Oregon Groups Say Modest Sentencing Reforms Have Cut Prison Population Growth
A coalition including district attorneys, sheriffs, and justice reform groups is asking the legislature to triple funding for the Justice Reinvestment grant program. The program funds services like parole, drug treatment, transitional housing, and mental health.
The state gave out $17 million in justice reinvestment grants to county law enforcement in 2013 and 2014. The groups are asking the legislature to invest $58.9 million in the upcoming biennium.
They say it is money the state will save if it can keep the incarcerated population from growing, and avoid the cost of opening a new prison wing.
In the last year, Oregon’s prison population stopped growing and dropped ever so slightly, from about 14,700 people to about 14,600 people.

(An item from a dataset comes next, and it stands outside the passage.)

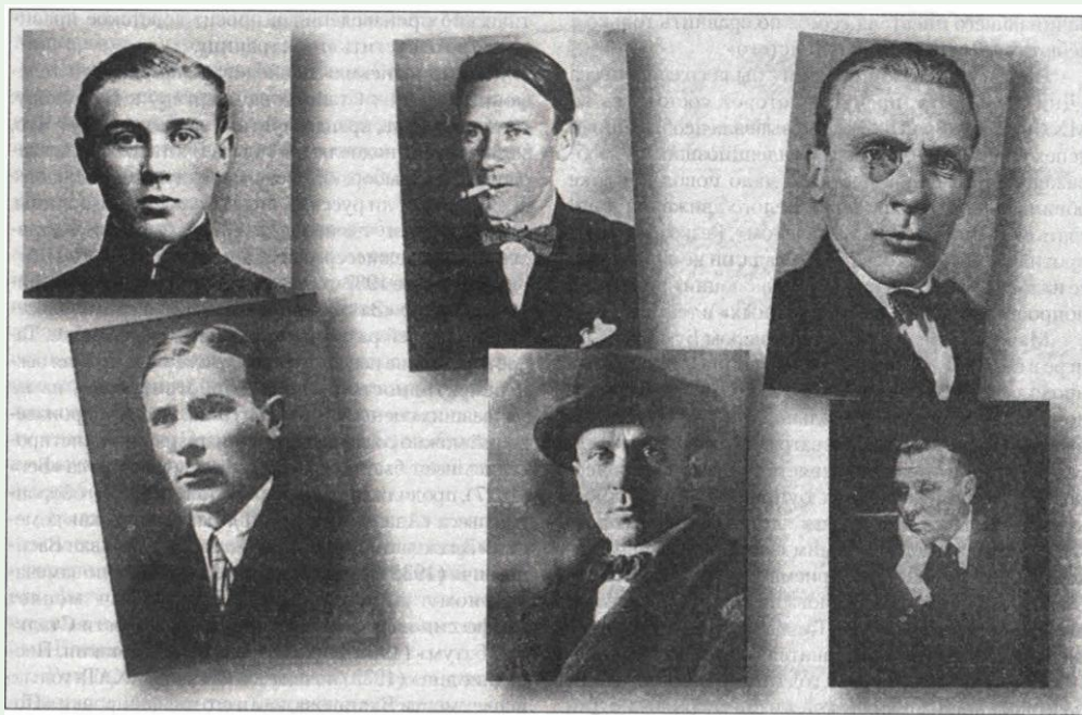
Михаил Афанасьевич Булгаков в разные годы жизни

Врачебная практика молодого Булгакова нашла отражение в цикле рассказов «Записки юного врача» (1925–1927 гг.).

New prison admissions also dropped by about 3 percent, according to Mike Schmidt, Executive Director of Oregon’s Criminal Justice Commission.
“That’s 188 less people that walked through the prison doors," he says.
Schmidt says there wasn't a big drop in the number of convictions between 2013 and 2014. He believes reforms that began in 2013 have had a modest effect on the length of sentences and the number of prison admissions.
First, a law that passed in 2013 allows some inmates to leave prison three months early if they can show they have a plan for transiting back into the community.
Second, Multnomah County reports it is sending about 20 fewer people to state prison each month. The county is diverting more people into a parole program that includes drug treatment and mental health services.
It says that program has saved the state about $5 million dollars so far.